Я нашла одну очень неглупую вещь.
Описывается какая-то скромница, une prude… и по этому поводу говорится, что всякая prude отравляет любовь; c'est à dire: la jouissance.
Я про себя скажу, что уважала бы собственную персону в тысячу раз меньше, если б лицемерила перед самой собой. Я не понимаю тех женщин, которые имеют любовников и целый день хнычут, каются в своих прегрешениях утром, а вечером опять грешат.
Правда, я ничем не связана, я никого не обманываю (кроме света), но если б даже у меня и был муж, я все-таки не вижу, во что нам драпироваться и как твердить ежесекундно, что мы всем пожертвовали человеку! А уж мне-то, в моем положении, было бы совсем нелепо ныть и представлять из себя страдалицу.
Чего мне еще нужно? Есть у меня молодость, хорошее состояние, полная свобода, везде меня ласкают, да вдобавок мой грешок никому не колет глаза и не требует от меня ни малейшей тревоги, не изменяет даже моих привычек.
Одни только истерические барыни могут себе надумывать страдания!

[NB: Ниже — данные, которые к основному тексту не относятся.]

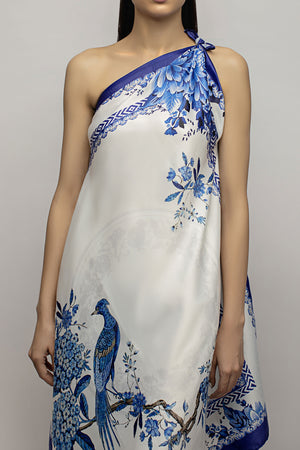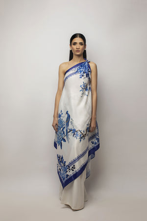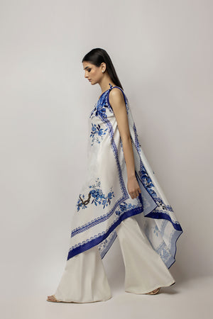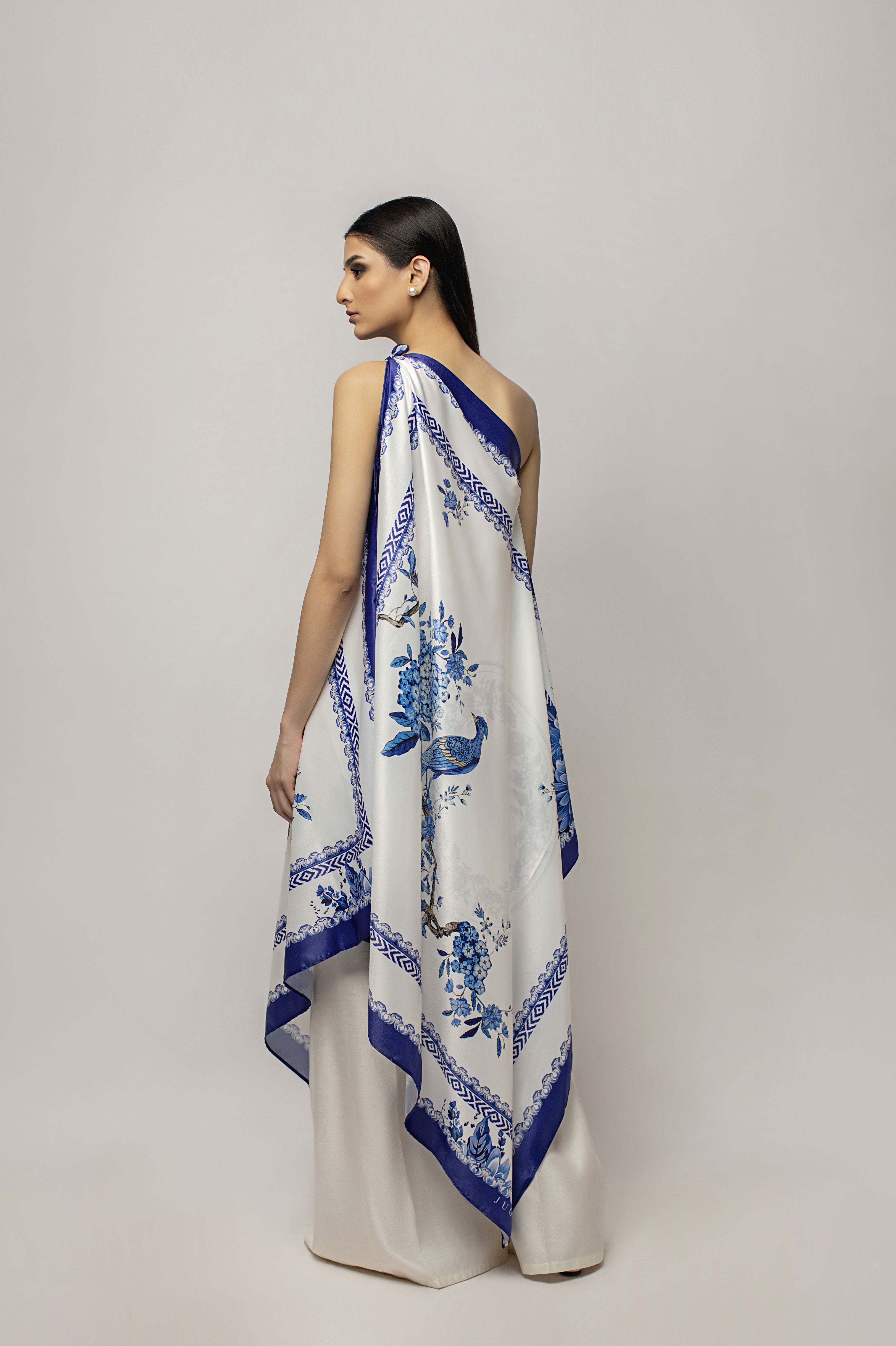 A one-shoulder free size silk tunic, rendering a decent look in blue floral print paired with white khadi silk bootleg pants. Wear this on your special day with your loved one.

Сравниваю я, как меня любил Николай и как теперь со мною Домбрович. Тот был двадцатилетний офицер, этот сорокалетний подлеточек. А ведь какое же сравнение! С Домбровичем мне неизмеримо приятнее. Николай накупал мне разных разностей, пичкал конспектами; но не мог отозваться ни на мои вкусы, ни на мой ум… Он даже не обращал внимания на мое женское чувство.
Домбрович совсем не то. Только с ним я и начала жить. Что бы мне ни пришло в голову, чего бы мне ни захотелось, я знаю, что он не только меня поймет, но еще укажет, как сделать. Жить с ним не то, что с Николаем. Он изучает каждую вашу черту, он наслаждается вами с толком и с расстановкой. Он не надоедает вам кадетскими порывами, как покойный Николай. Сама невольно увлекаешься им… А в этом-то и состоит поэзия!

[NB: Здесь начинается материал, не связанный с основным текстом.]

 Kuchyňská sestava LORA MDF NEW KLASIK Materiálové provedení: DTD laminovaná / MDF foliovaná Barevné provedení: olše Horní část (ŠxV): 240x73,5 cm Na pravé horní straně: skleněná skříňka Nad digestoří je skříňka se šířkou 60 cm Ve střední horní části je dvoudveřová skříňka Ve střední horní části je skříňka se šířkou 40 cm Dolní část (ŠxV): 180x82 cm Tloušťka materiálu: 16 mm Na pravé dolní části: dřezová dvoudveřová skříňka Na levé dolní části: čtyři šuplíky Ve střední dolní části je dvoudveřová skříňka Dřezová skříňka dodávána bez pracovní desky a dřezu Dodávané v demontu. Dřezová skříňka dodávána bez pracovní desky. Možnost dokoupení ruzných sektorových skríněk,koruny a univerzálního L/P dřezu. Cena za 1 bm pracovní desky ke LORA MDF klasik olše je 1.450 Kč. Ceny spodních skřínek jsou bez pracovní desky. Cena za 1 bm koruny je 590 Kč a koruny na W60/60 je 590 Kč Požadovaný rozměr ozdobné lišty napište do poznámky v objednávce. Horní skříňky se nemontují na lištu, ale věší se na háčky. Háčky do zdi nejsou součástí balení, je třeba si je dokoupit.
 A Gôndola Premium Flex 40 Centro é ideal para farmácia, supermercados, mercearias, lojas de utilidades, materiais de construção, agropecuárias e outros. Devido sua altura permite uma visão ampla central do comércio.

Если я обманываю свет, я, право, не должна каяться! В моих добродетелях свету нет никакой сласти. Ему нужно приличие. Я его не нарушаю. Всем гораздо приятнее видеть меня вдовой: и танцорам, и разным нашим beaux-esprits, и старикашкам, и даже барыням. Я человек свободный, а только свобода и дает в обществе тот вес, которым дорожат. Танцоры знают, что вдовой я буду больше танцовать, beaux-esprits, что я буду больше врать с ними, старикашки также, а барыни, кто принимает, смотрят на меня как на шикарную женщину, знают, что на каждый бал, где я, притащится целая стая мужчин. Стало быть, и они не могут желать мне законного брака и многочисленного семейства.
Моя совесть совершенно спокойна. Голова не занята вздором, как прежде. Я не хандрю, не требую птичьего молока. Все пришло в порядок. Я начинаю любить жизнь и нахожу, что с уменьем можно весь свой век прожить припеваючи, как говорит Домбрович, "с прохладцей", и сделать так, чтобы любовные дела не требовали никаких жертв.

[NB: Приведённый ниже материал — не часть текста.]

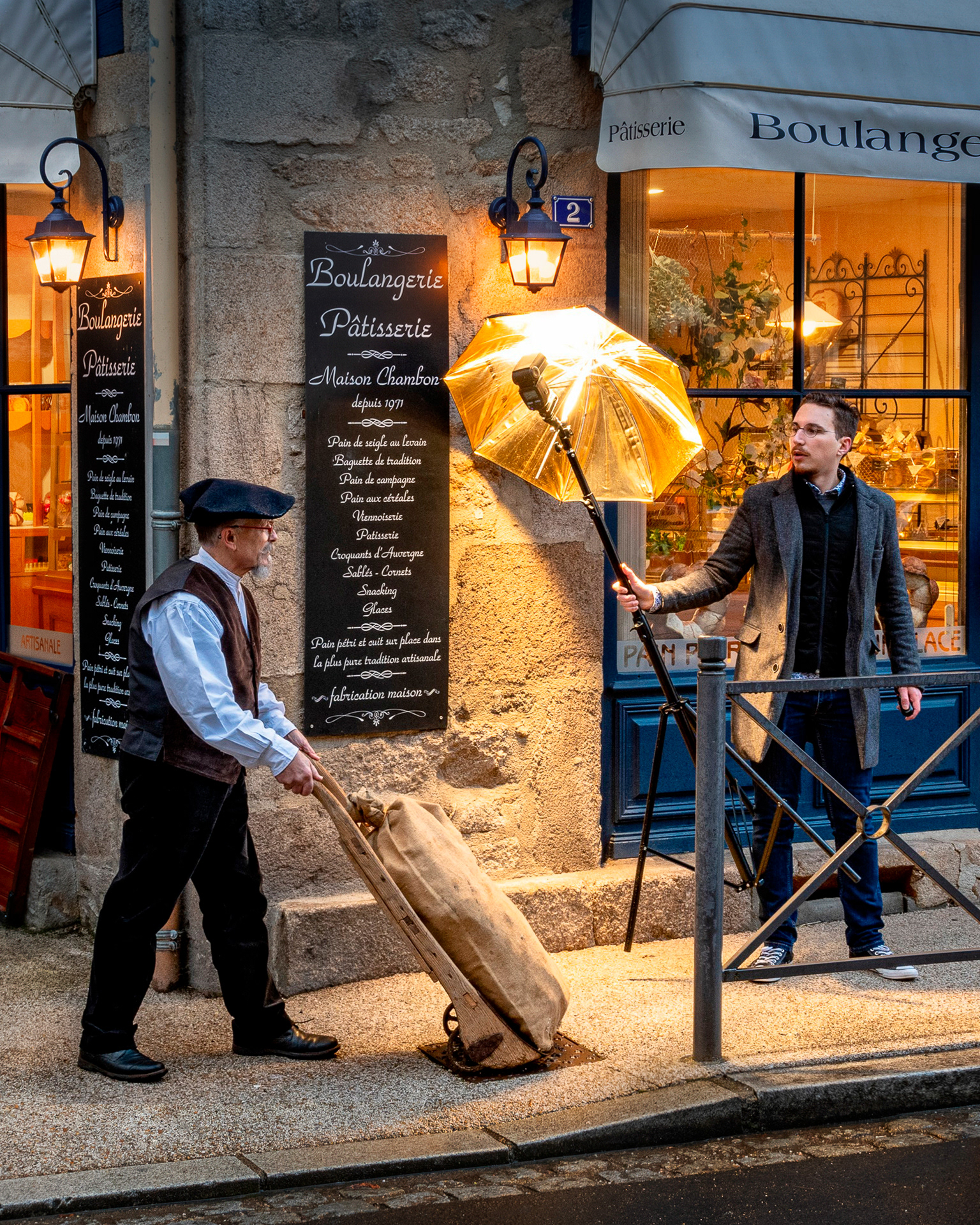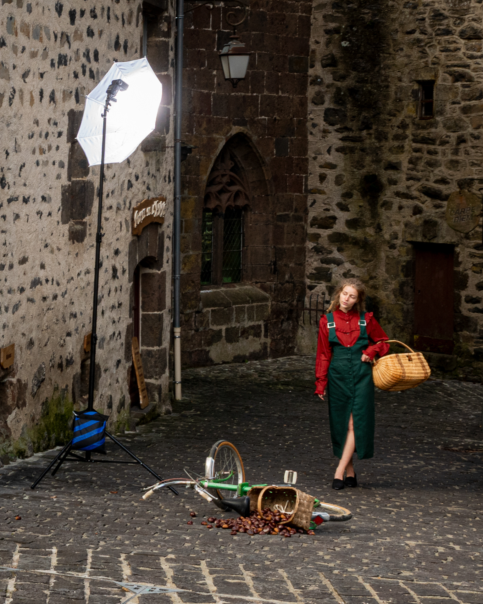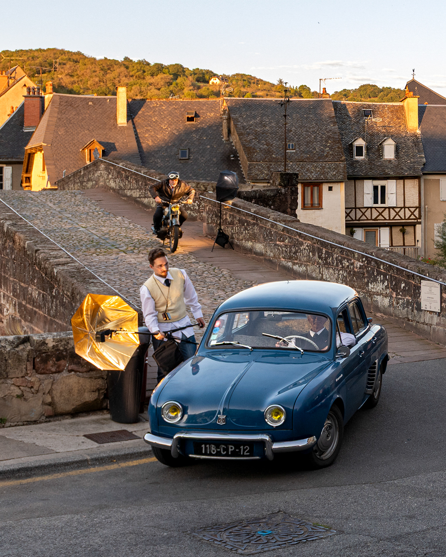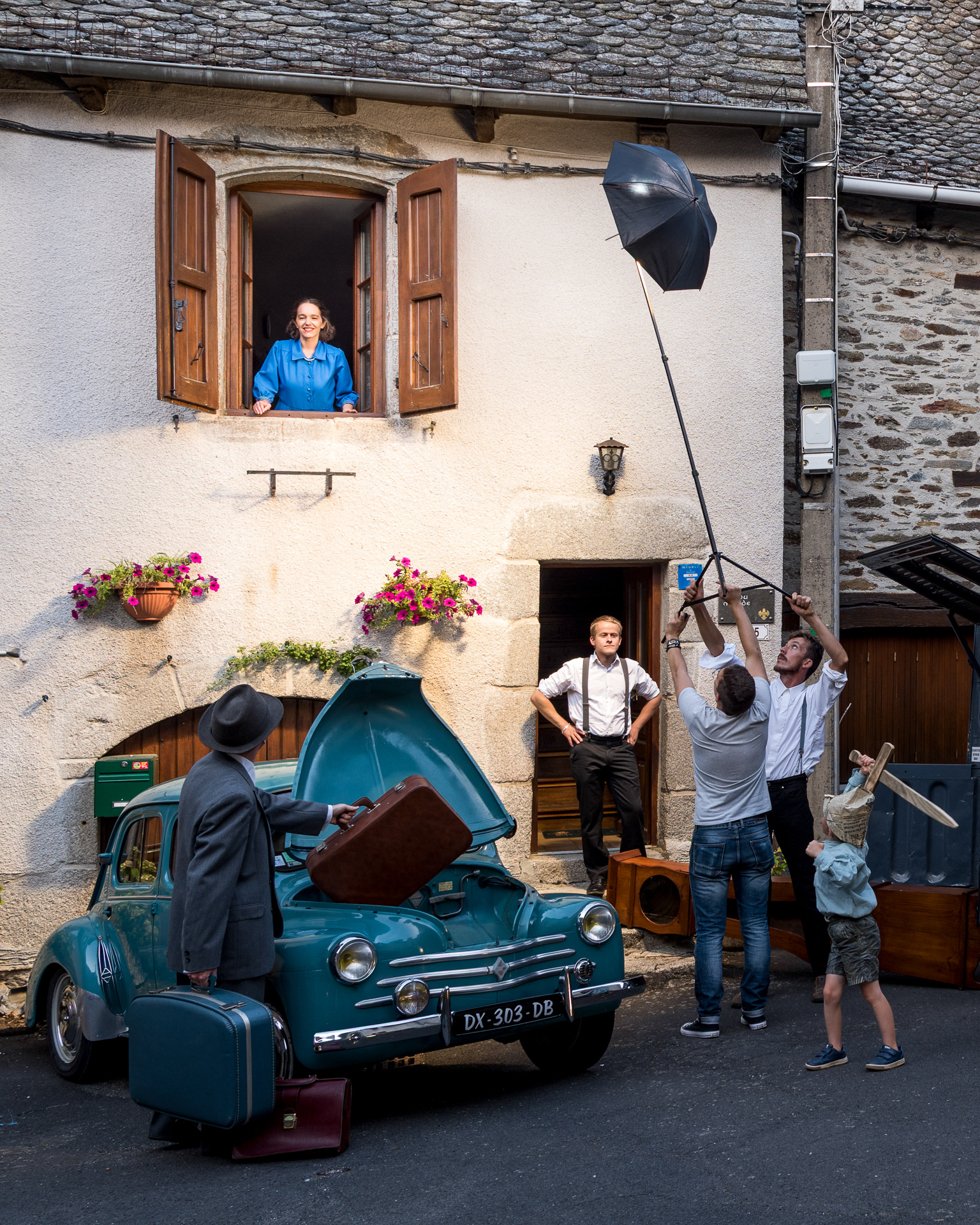 L'étape suivante est de s'assurer que le lieu choisi est accessible en demandant l'accord du propriétaire s'il s'agit d'une propriété privée ou même parfois demander la fermeture d'une rue à la mairie. Pour les véhicules, je vais à la rencontre des différents clubs de collectionneurs du Cantal et quand je recherche un véhicule en particulier c'est toujours un bonheur de discuter avec ces nombreux passionnés qui ont toujours été ravis de mettre en avant dans mes réalisations leur véhicule. La dernière étape est de trouver les figurants et leurs tenues. Très souvent je fais appel à des amis et des membres de ma famille mais parfois je passe également des annonces sur les réseaux sociaux. Les tenues me sont, la plupart du temps, prêtées par Emmaüs Aurillac et j'ai eu la chance d'avoir, pour les premières mises en scène, des robes de la costumière MystiMiss.

Домбрович мне обещал еще какую-то книжечку вроде этих Liaisons dangereuses.
- Еще более классическую, моя милая!..
Он любит поврать; но я - больше его. Это у нас в крови, у всех русских барынь.
Если бы я вздумала пуститься в сочинительство, я бы начала роман вроде этих "Liaisons dangereuses" и каждую из наших барынь поставила бы в курьезное положение по части клубнички, как выражается Домбрович.
Откуда это такое слово? Он уверяет, что его будто бы Гоголь выдумал. А я так думаю, что он сам.
21 февраля 186*
2 часа ночи. - Вторник
Я продолжаю читать классиков. Дал он мне: Mon noviciat. Вот это так книжка! Je ne suis pas prude… но я несколько раз бросала. Если б она попалась в руки девушке лет шестнадцати, она бы в один вечер вкусила "древо познания добра и зла".
Особенно хороша история аббата… что это я? уж повторять-то лишнее.
Теперь не знаю: какие для меня остались классики?
Знаю уже все!
25 февраля 186*
Очень поздно. - Суббота
Принесли мне письмо от Степы. Я пробежала и ничего не разобрала. Кажется, он пишет, что остается еще. Ну, и Господь с ним! Он был бы некстати!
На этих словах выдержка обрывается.